Try it
Without the pictures, set down every line of the data exactly.

╭─ Supplied records

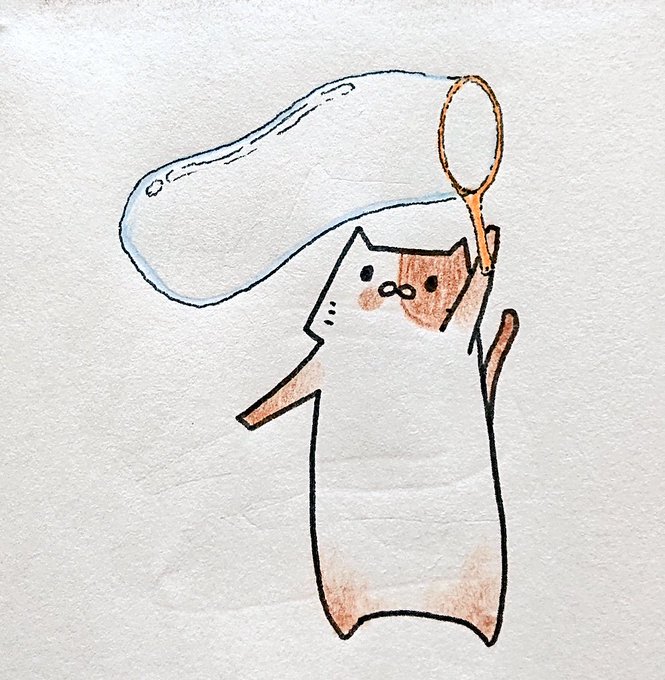 1 2 シャボン玉 #アナログ #イラスト #猫 #ペン #色鉛筆 23/07/09 03:37
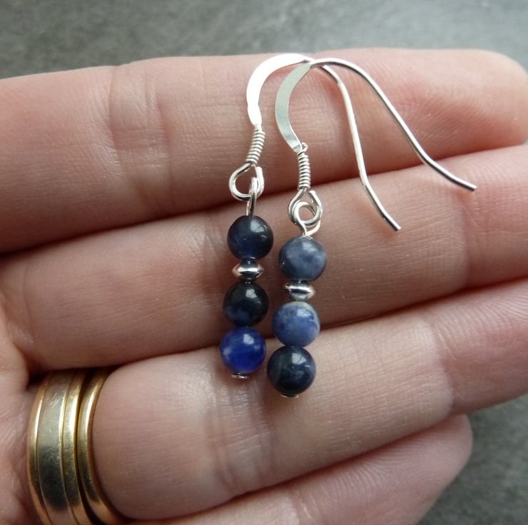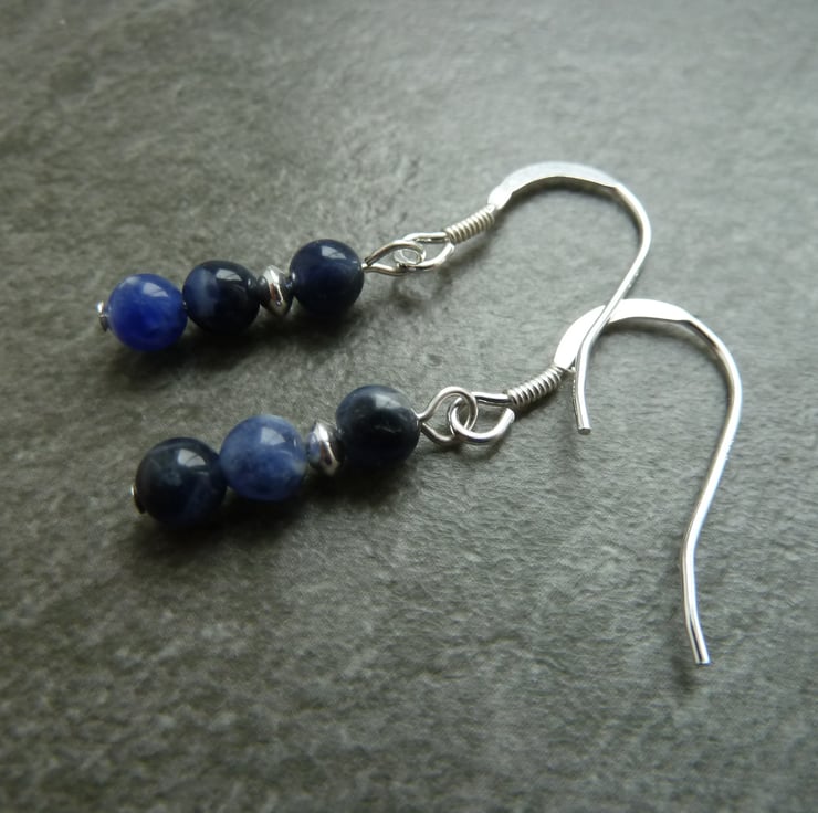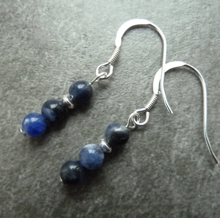 A pair of sterling silver earrings made with sodalite gemstone beads and sterling silver beads.
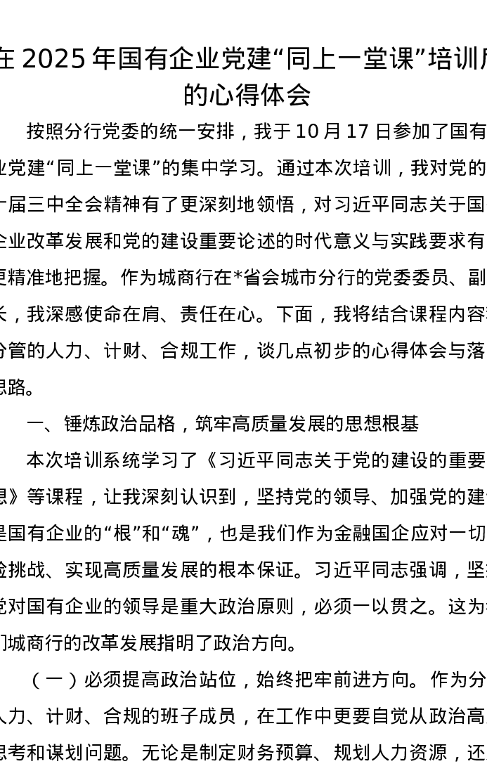 在2025年国有企业党建“同上一堂课”培训后的心得体会
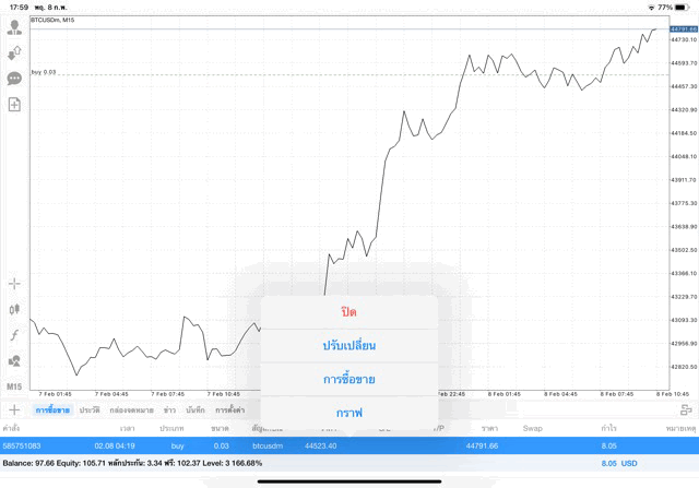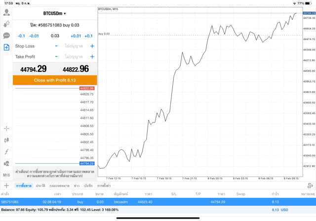 การเทรด Crypto BTCUSD 0.03 lot บนแอพเล่นหุ้น mt4 โบรกเกอร์ forex exness
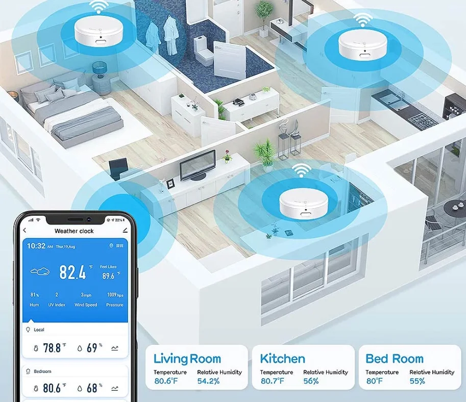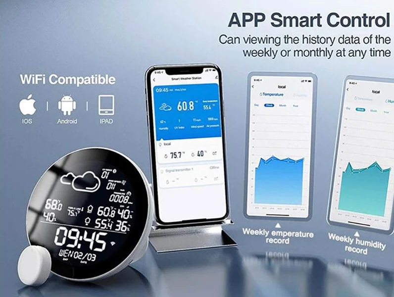 Az alábbi kütyüvel el lehet felejteni azokat az időjárás állomásokat, amik teljesen offline működnek és csak helyben lehet leolvasni róluk, hogy milyen idő van. Egy ilyen kütyüvel már a világ egy másik pontjáról is látunk minden adatot, mert okos. WiFi-re kapcsolódik, és az összes adatot okostelefonon lehet követni a Tuya alkalmazással.
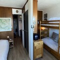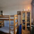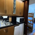 Designed to accommodate up to four guests, the 27m² studio is thoughtfully arranged for both comfort and practicality. The living space, cleverly divided by a sliding panel, features two single beds and a set of bunk beds, ensuring restful nights after active days. The kitchen is fully equipped with modern amenities, including ceramic hobs, a refrigerator, a microwave, and even a Nespresso coffee maker for your morning brew. A flat-screen TV and cozy duvets add to the inviting atmosphere, while the bathroom provides a bathtub and all essential facilities. Please note that bed linen is not provided, and pets are not allowed.
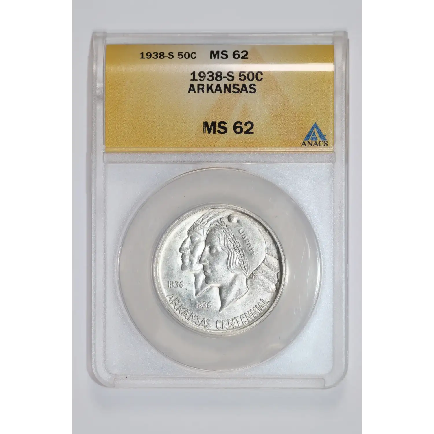 1938-S ARKANSAS COMMEMORATIVE HALF DOLLAR ANACS MS62
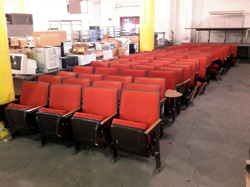 Description: This auction is for one row of theater/auditorium chairs with four seats in a row. This lot is being auctioned off by way of a generic picture of the chairs. Our staff will pick the row closest to the front for the winning bidder.
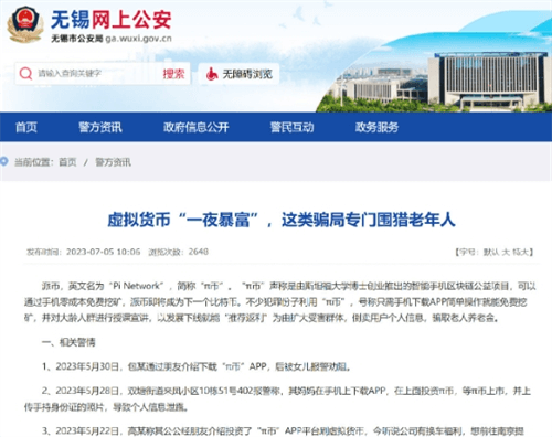 早在2023年的7月,无锡市公安官方就在官网上发布了一则警方资讯,该资讯的标题为《虚拟货币“一夜暴富”,这类骗局专门围猎老年人》,在文章中为网友门揭秘了pi币骗局与pi币的相关特点,并分享了相关案例下面我们来了解一下《虚拟货币“一夜暴富”,这类骗局专门围猎老年人》的详细内容:
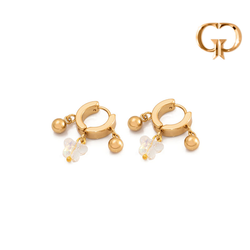 Z178-1 - CANDONGA ACERO DORADO HUGGIES DIJES BOLITAS Y MARIPOSA EN CRISTAL
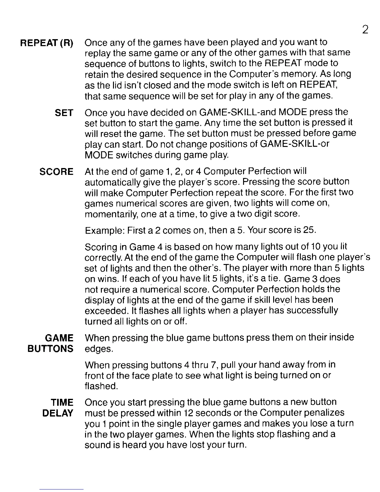 Lakeside Computer Perfection - Repeat (R) Set Score Game Buttons Time Delay
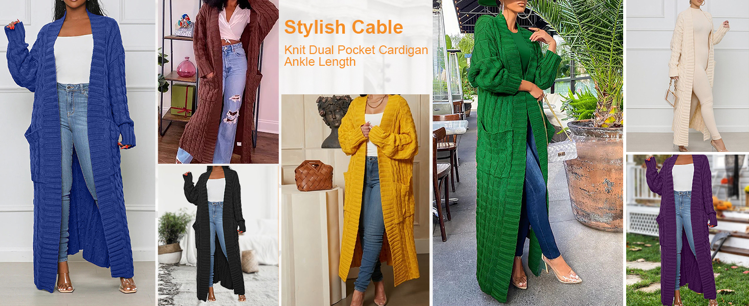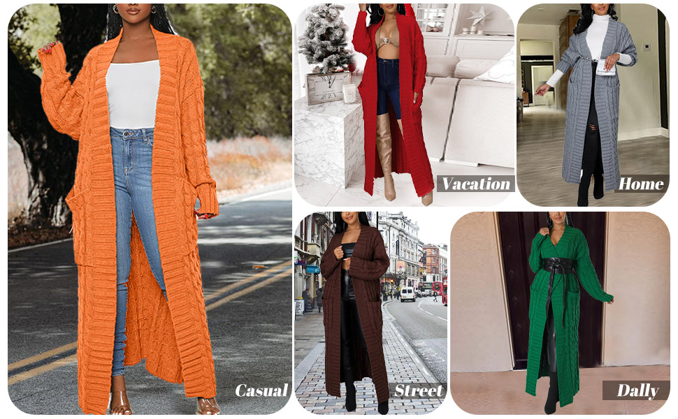 - ★Features: Open front cardigan for women, pockets on both sides, floor length, long sleeve, solid color, casual loose fit knit sweater coat, fall cardigan.
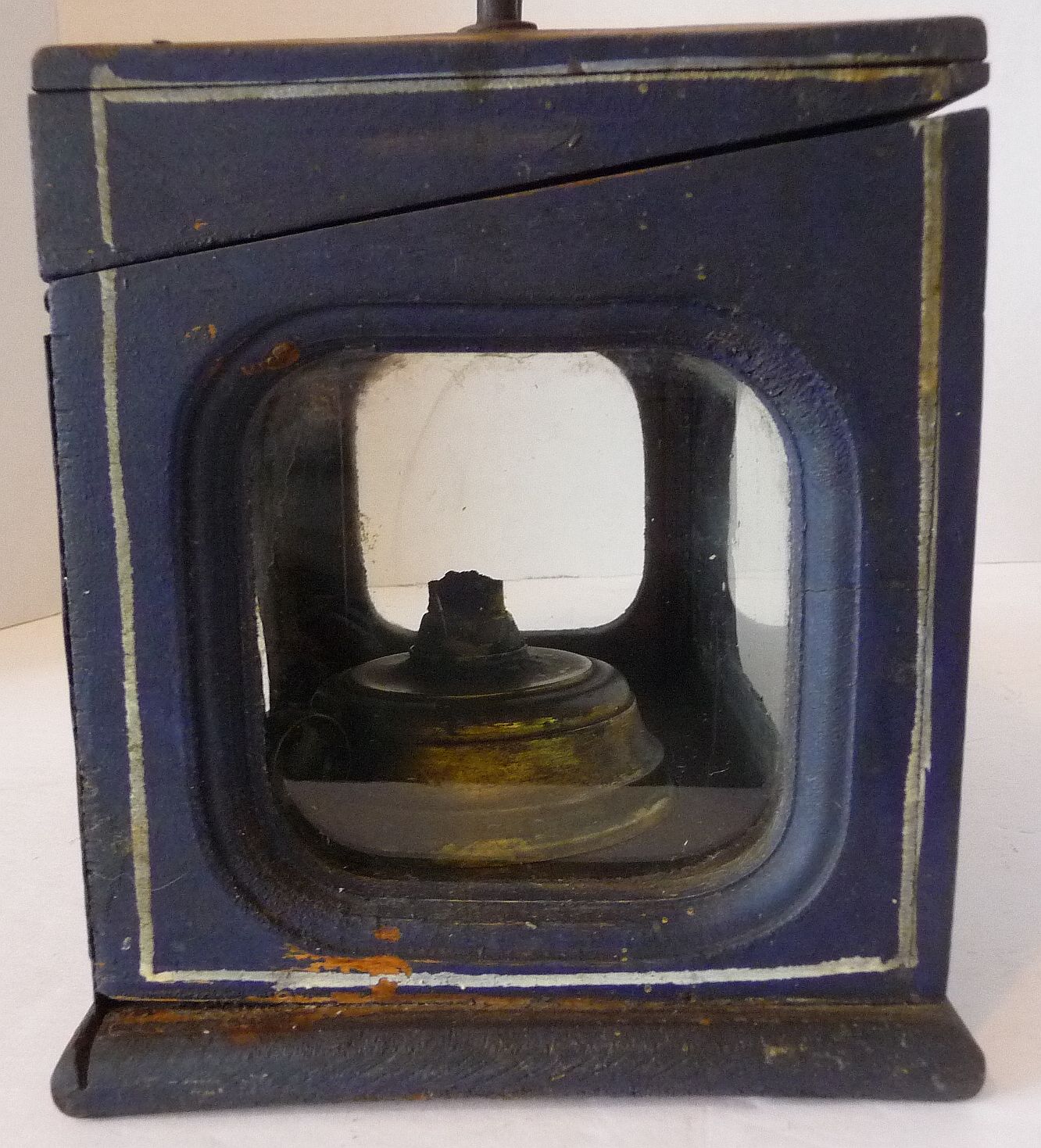 Condition: As found, wear as expected from age & use..no damage or repairs evident. Original paint and original bail handle. The lantern wick cannot be raised as it is missing a disk on the end of a rod that you turned the knob to raise and lower the wick. I think that the rotating tin disk with the slot in it, slid down over the wick handle to keep the lantern in
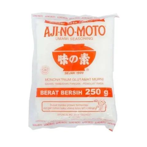 Penyedap rasa Ajinomoto adalah bahan tambahan pangan untuk memperkaya atau memperkuat rasa (gurih/umami) pada masakan Anda, sehingga mendapatkan kelezatan yang diinginkan dengan rasa masakan yang berbeda dari sekedar bumbu biasa. Ajinomoto memiliki tekstur yang halus dan mudah terserap, oleh karena itu sangat cocok untuk beragam hidangan berkuah, aneka tumisan dan lain-lain. Penyedap rasa ini dibuat melalui proses fermentasi dan diracik dari bahan tetes tebu alami, maka dari itu dapat dipastikan Ajinomoto menghasilkan penyedap rasa dengan kualitas terbaik. Bukan hanya itu saja, selain sebagai penyedap rasa gurih pada masakan, bumbu penyedap ini mengandung protein yang dapat memenuhi kebutuhan asam glutamat Anda seperti yang ada pada ikan, udang, daging sapi, ASI dan sayur mayur setiap hari. Ajinomoto sudah memiliki standar internasional dan dibawah lisensi Ajinomoto Co. Inc, sudah terverifikasi Halal.
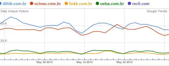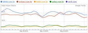 Olhando mais de perto somente o mês de maio (últimos 30 dias disponíveis na ferramenta na data desta postagem), é possível observar que o Ocioso superou o diHiTT em visitas em um dia e que os sites estão com volume de visitas muito próximos, bem como Linkk e Uêba entre si:
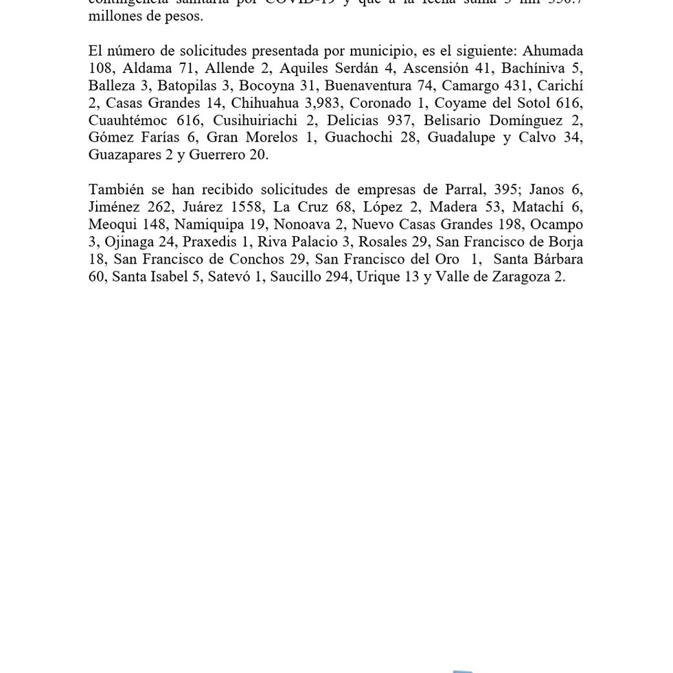 También se han recibido solicitudes de empresas de Parral, 395; Janos 6, Jiménez 262, Juárez 1558, La Cruz 68, López 2, Madera 53, Matachí 6, Meoqui 148, Namiquipa 19, Nonoava 2, Nuevo Casas Grandes 198, Ocampo 3, Ojinaga 24, Praxedis 1, Riva Palacio 3, Rosales 29, San Francisco de Borja 18, San Francisco de Conchos 29, San Francisco del Oro 1, Santa Bárbara 60, Santa Isabel 5, Satevó 1, Saucillo 294, Urique 13 y Valle de Zaragoza 2.
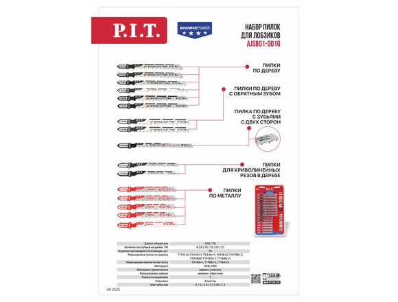 Набор пилок для лобзиков P.I.T. ADVANCE 16шт дерево/металл/фигурный рез, блистер

╰─

Response to this task
 1 2 シャボン玉 #アナログ #イラスト #猫 #ペン #色鉛筆 23/07/09 03:37
 A pair of sterling silver earrings made with sodalite gemstone beads and sterling silver beads.
 在2025年国有企业党建“同上一堂课”培训后的心得体会
 การเทรด Crypto BTCUSD 0.03 lot บนแอพเล่นหุ้น mt4 โบรกเกอร์ forex exness
 Az alábbi kütyüvel el lehet felejteni azokat az időjárás állomásokat, amik teljesen offline működnek és csak helyben lehet leolvasni róluk, hogy milyen idő van. Egy ilyen kütyüvel már a világ egy másik pontjáról is látunk minden adatot, mert okos. WiFi-re kapcsolódik, és az összes adatot okostelefonon lehet követni a Tuya alkalmazással.
 Designed to accommodate up to four guests, the 27m² studio is thoughtfully arranged for both comfort and practicality. The living space, cleverly divided by a sliding panel, features two single beds and a set of bunk beds, ensuring restful nights after active days. The kitchen is fully equipped with modern amenities, including ceramic hobs, a refrigerator, a microwave, and even a Nespresso coffee maker for your morning brew. A flat-screen TV and cozy duvets add to the inviting atmosphere, while the bathroom provides a bathtub and all essential facilities. Please note that bed linen is not provided, and pets are not allowed.
 1938-S ARKANSAS COMMEMORATIVE HALF DOLLAR ANACS MS62
 Description: This auction is for one row of theater/auditorium chairs with four seats in a row. This lot is being auctioned off by way of a generic picture of the chairs. Our staff will pick the row closest to the front for the winning bidder.
 早在2023年的7月,无锡市公安官方就在官网上发布了一则警方资讯,该资讯的标题为《虚拟货币“一夜暴富”,这类骗局专门围猎老年人》,在文章中为网友门揭秘了pi币骗局与pi币的相关特点,并分享了相关案例下面我们来了解一下《虚拟货币“一夜暴富”,这类骗局专门围猎老年人》的详细内容:
 Z178-1 - CANDONGA ACERO DORADO HUGGIES DIJES BOLITAS Y MARIPOSA EN CRISTAL
 Lakeside Computer Perfection - Repeat (R) Set Score Game Buttons Time Delay
 - ★Features: Open front cardigan for women, pockets on both sides, floor length, long sleeve, solid color, casual loose fit knit sweater coat, fall cardigan.
 Condition: As found, wear as expected from age & use..no damage or repairs evident. Original paint and original bail handle. The lantern wick cannot be raised as it is missing a disk on the end of a rod that you turned the knob to raise and lower the wick. I think that the rotating tin disk with the slot in it, slid down over the wick handle to keep the lantern in
 Penyedap rasa Ajinomoto adalah bahan tambahan pangan untuk memperkaya atau memperkuat rasa (gurih/umami) pada masakan Anda, sehingga mendapatkan kelezatan yang diinginkan dengan rasa masakan yang berbeda dari sekedar bumbu biasa. Ajinomoto memiliki tekstur yang halus dan mudah terserap, oleh karena itu sangat cocok untuk beragam hidangan berkuah, aneka tumisan dan lain-lain. Penyedap rasa ini dibuat melalui proses fermentasi dan diracik dari bahan tetes tebu alami, maka dari itu dapat dipastikan Ajinomoto menghasilkan penyedap rasa dengan kualitas terbaik. Bukan hanya itu saja, selain sebagai penyedap rasa gurih pada masakan, bumbu penyedap ini mengandung protein yang dapat memenuhi kebutuhan asam glutamat Anda seperti yang ada pada ikan, udang, daging sapi, ASI dan sayur mayur setiap hari. Ajinomoto sudah memiliki standar internasional dan dibawah lisensi Ajinomoto Co. Inc, sudah terverifikasi Halal.
 Olhando mais de perto somente o mês de maio (últimos 30 dias disponíveis na ferramenta na data desta postagem), é possível observar que o Ocioso superou o diHiTT em visitas em um dia e que os sites estão com volume de visitas muito próximos, bem como Linkk e Uêba entre si:
 También se han recibido solicitudes de empresas de Parral, 395; Janos 6, Jiménez 262, Juárez 1558, La Cruz 68, López 2, Madera 53, Matachí 6, Meoqui 148, Namiquipa 19, Nonoava 2, Nuevo Casas Grandes 198, Ocampo 3, Ojinaga 24, Praxedis 1, Riva Palacio 3, Rosales 29, San Francisco de Borja 18, San Francisco de Conchos 29, San Francisco del Oro 1, Santa Bárbara 60, Santa Isabel 5, Satevó 1, Saucillo 294, Urique 13 y Valle de Zaragoza 2.
 Набор пилок для лобзиков P.I.T. ADVANCE 16шт дерево/металл/фигурный рез, блистер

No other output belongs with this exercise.